Data entries
= Beginning of Section =

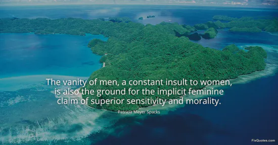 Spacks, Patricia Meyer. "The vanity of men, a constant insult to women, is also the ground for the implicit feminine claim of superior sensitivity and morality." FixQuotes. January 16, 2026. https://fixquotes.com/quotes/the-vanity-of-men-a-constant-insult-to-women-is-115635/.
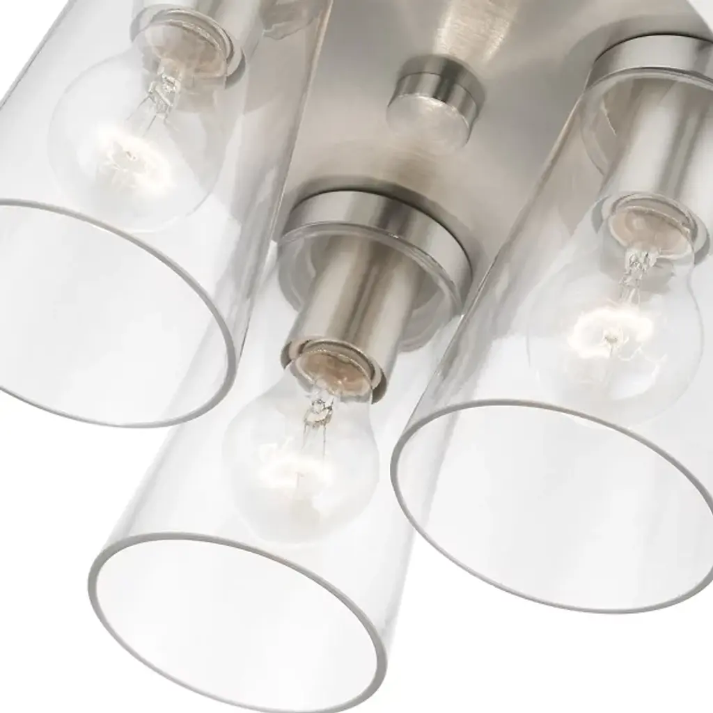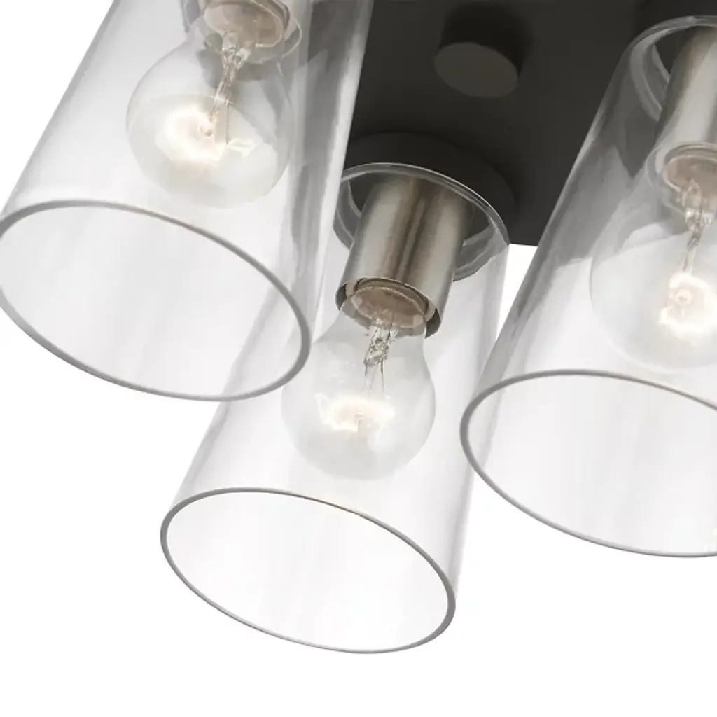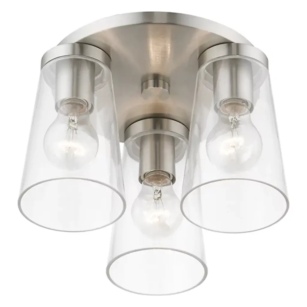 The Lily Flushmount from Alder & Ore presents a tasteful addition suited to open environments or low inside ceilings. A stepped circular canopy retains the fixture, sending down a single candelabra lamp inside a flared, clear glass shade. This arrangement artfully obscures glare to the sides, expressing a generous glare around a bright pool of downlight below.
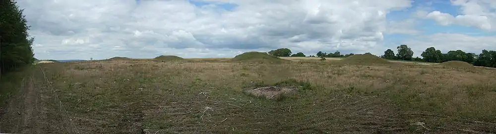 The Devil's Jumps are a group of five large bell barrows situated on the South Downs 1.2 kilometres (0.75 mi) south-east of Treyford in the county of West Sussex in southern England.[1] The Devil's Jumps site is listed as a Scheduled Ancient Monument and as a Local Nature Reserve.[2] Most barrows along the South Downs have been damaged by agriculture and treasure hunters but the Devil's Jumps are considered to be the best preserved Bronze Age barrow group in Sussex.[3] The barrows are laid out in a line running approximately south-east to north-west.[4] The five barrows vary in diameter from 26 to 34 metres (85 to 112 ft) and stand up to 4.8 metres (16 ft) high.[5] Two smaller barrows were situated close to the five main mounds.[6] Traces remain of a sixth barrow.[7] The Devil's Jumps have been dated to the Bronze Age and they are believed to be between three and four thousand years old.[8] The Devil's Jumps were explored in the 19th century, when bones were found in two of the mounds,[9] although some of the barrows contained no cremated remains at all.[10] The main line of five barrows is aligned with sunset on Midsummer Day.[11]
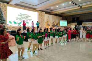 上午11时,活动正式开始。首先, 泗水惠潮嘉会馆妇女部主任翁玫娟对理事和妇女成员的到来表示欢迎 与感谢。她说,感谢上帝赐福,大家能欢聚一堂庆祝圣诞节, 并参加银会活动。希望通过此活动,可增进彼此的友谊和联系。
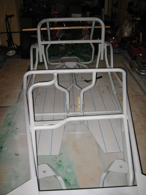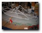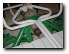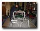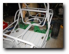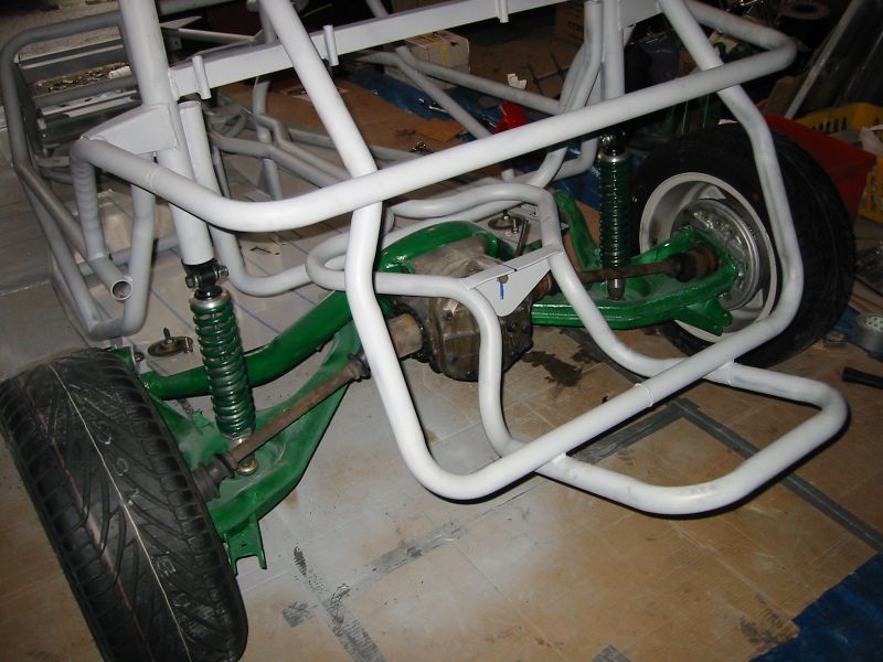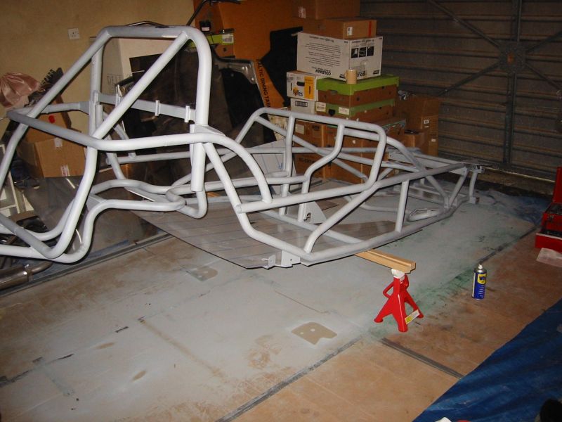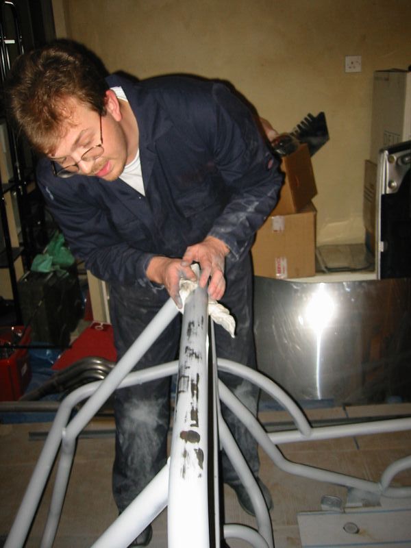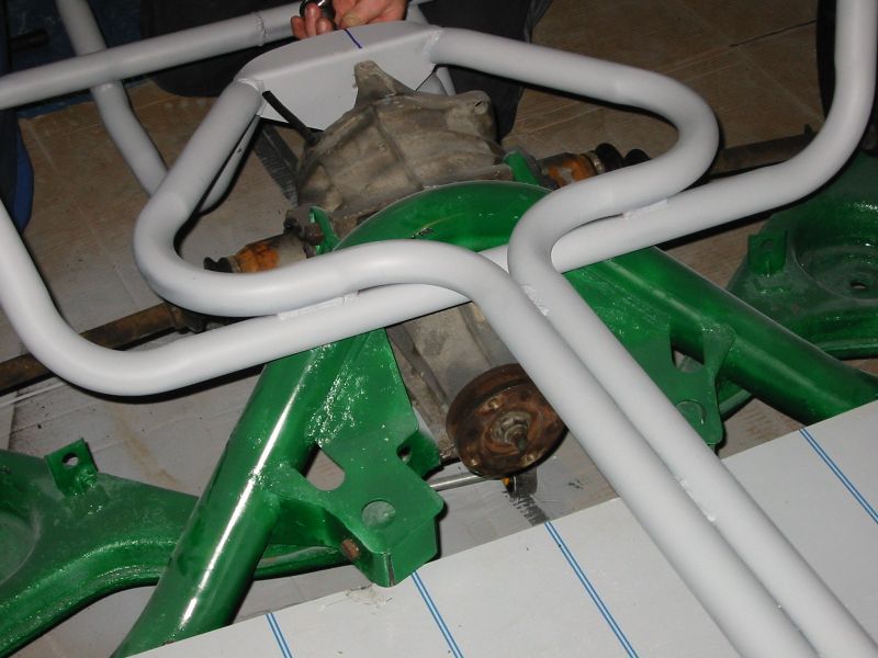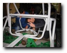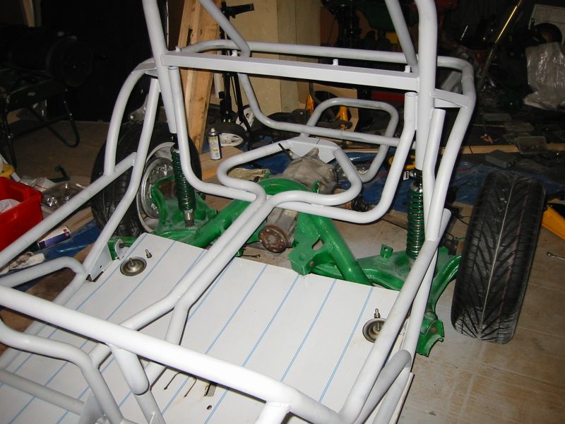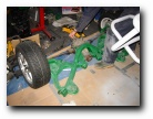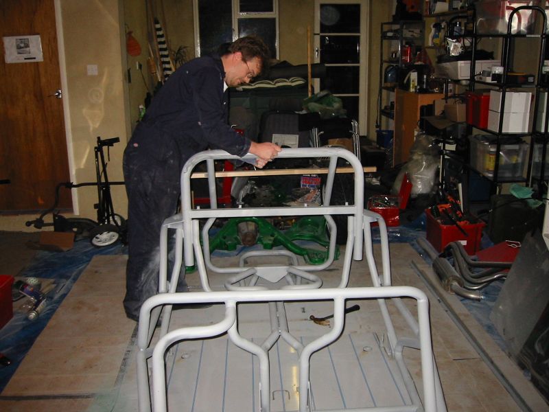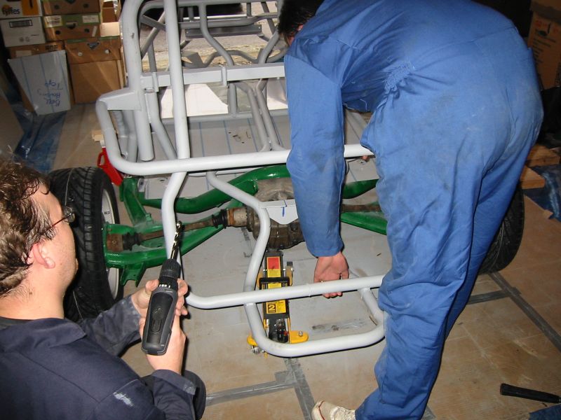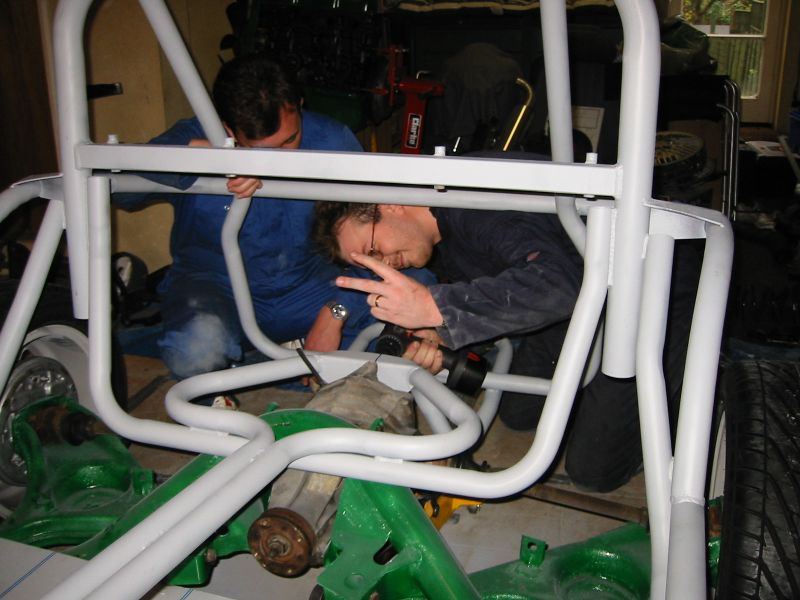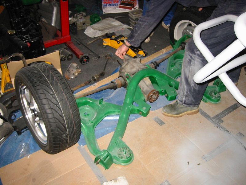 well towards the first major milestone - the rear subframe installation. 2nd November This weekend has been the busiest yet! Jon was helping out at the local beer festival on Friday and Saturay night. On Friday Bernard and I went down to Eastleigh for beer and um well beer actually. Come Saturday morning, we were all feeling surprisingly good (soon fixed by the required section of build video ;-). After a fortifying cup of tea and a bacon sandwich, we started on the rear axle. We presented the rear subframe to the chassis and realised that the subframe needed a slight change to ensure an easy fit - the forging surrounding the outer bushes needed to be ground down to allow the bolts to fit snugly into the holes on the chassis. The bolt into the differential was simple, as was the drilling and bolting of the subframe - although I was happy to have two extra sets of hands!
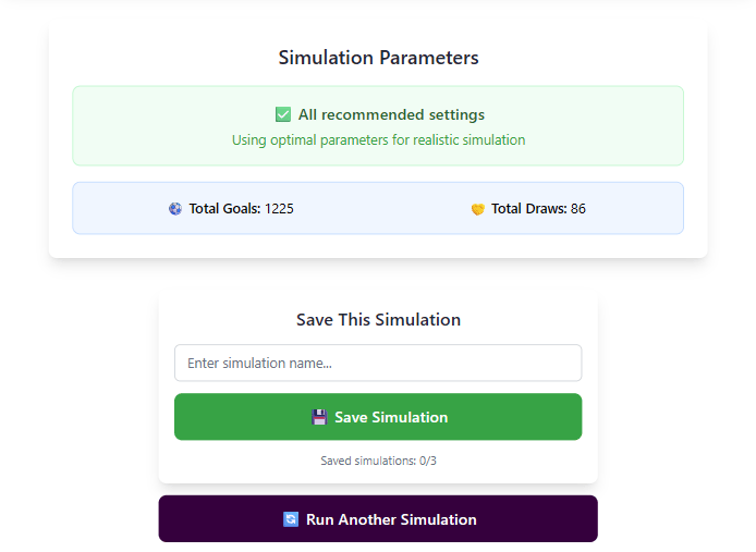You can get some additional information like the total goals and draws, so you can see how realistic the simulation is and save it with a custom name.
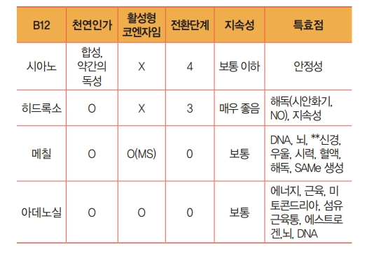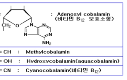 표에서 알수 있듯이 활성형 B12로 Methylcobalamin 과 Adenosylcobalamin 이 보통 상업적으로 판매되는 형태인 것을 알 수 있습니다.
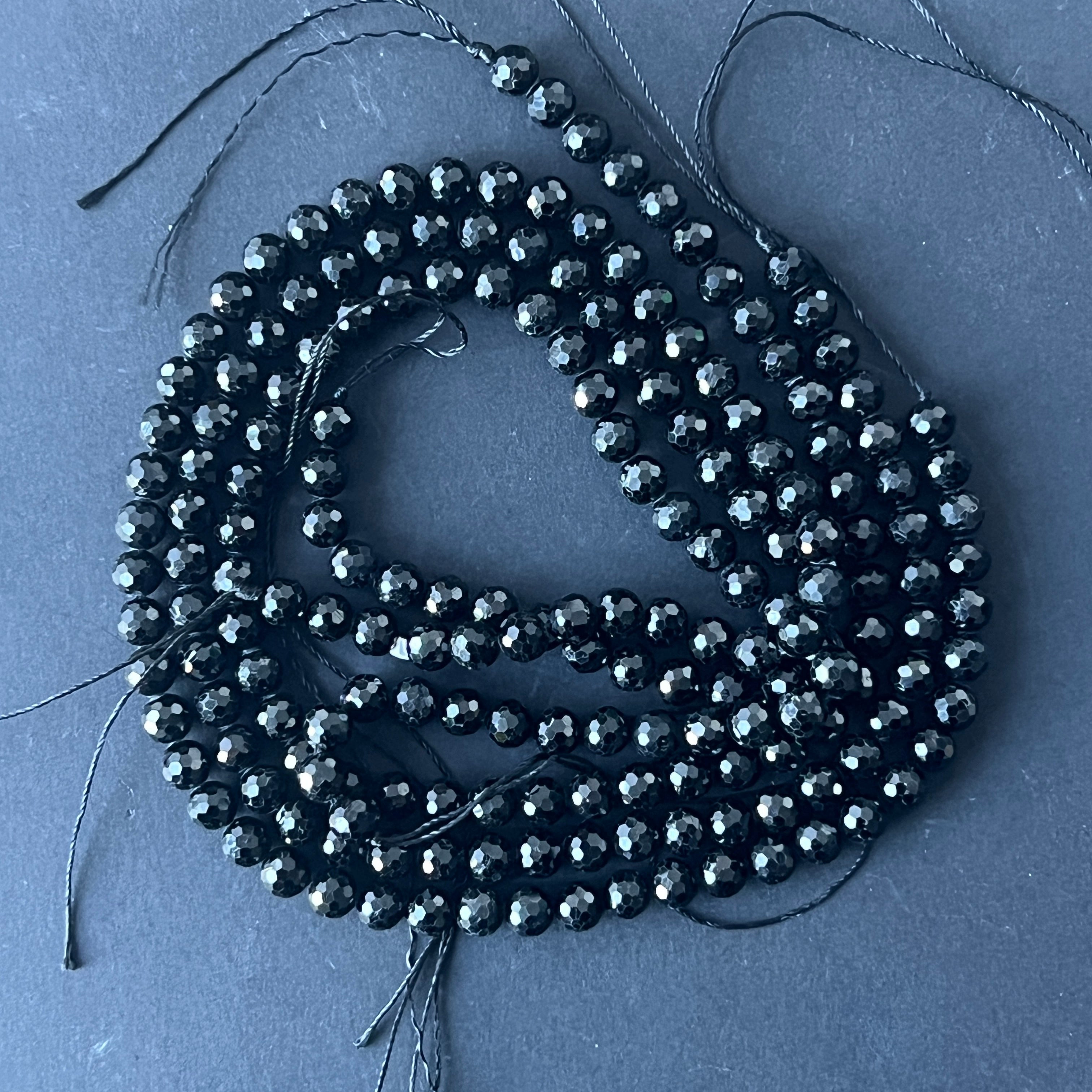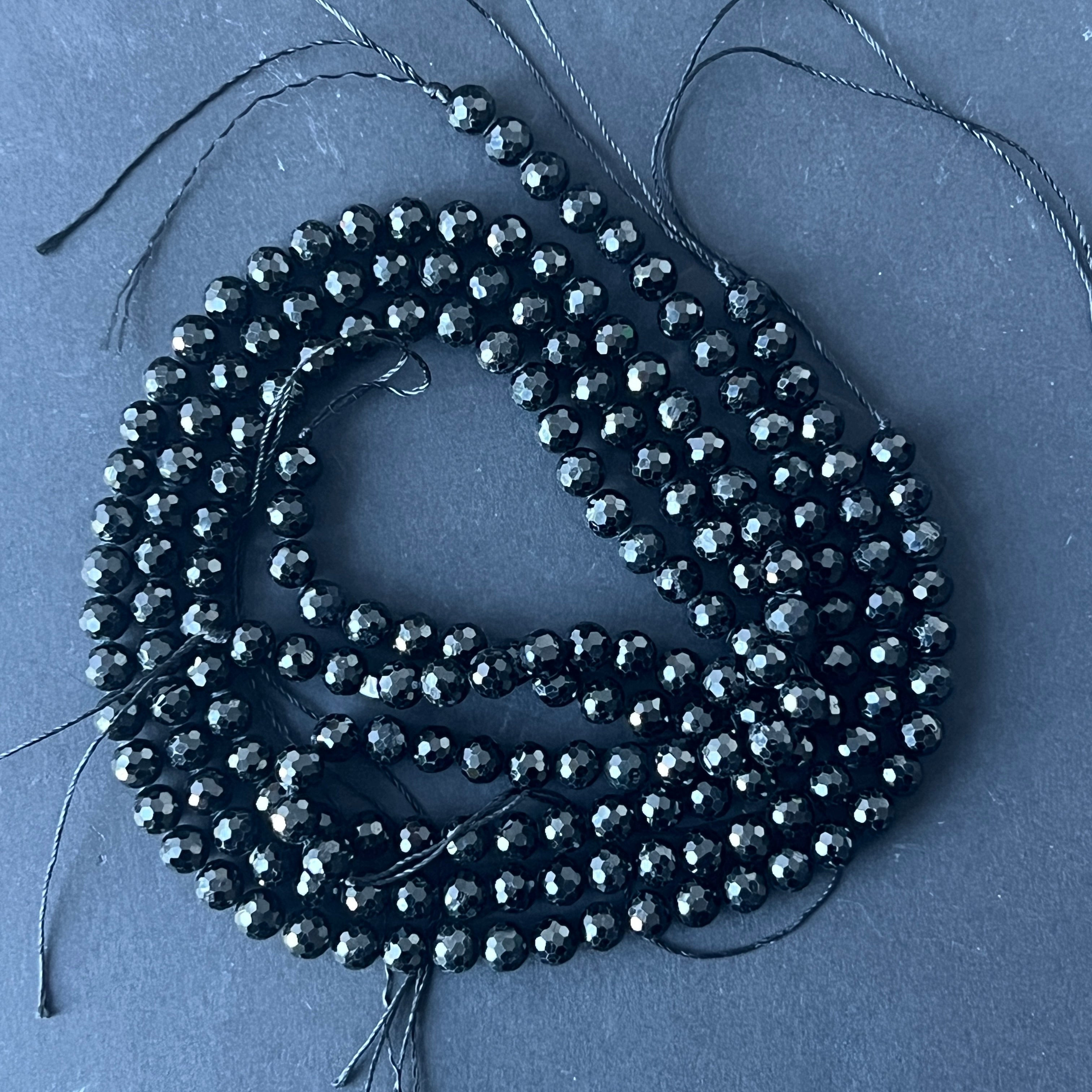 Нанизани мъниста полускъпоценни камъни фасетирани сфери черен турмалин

= End of Section =

WHAT THE TASK REQUIRES:
Pictures stay out. Return exactly the lines from the one with "표에서 알수 있듯이 활성형" through the last line of the data.

RESPONSE FOR THIS EXERCISE:
 표에서 알수 있듯이 활성형 B12로 Methylcobalamin 과 Adenosylcobalamin 이 보통 상업적으로 판매되는 형태인 것을 알 수 있습니다.
 Нанизани мъниста полускъпоценни камъни фасетирани сфери черен турмалин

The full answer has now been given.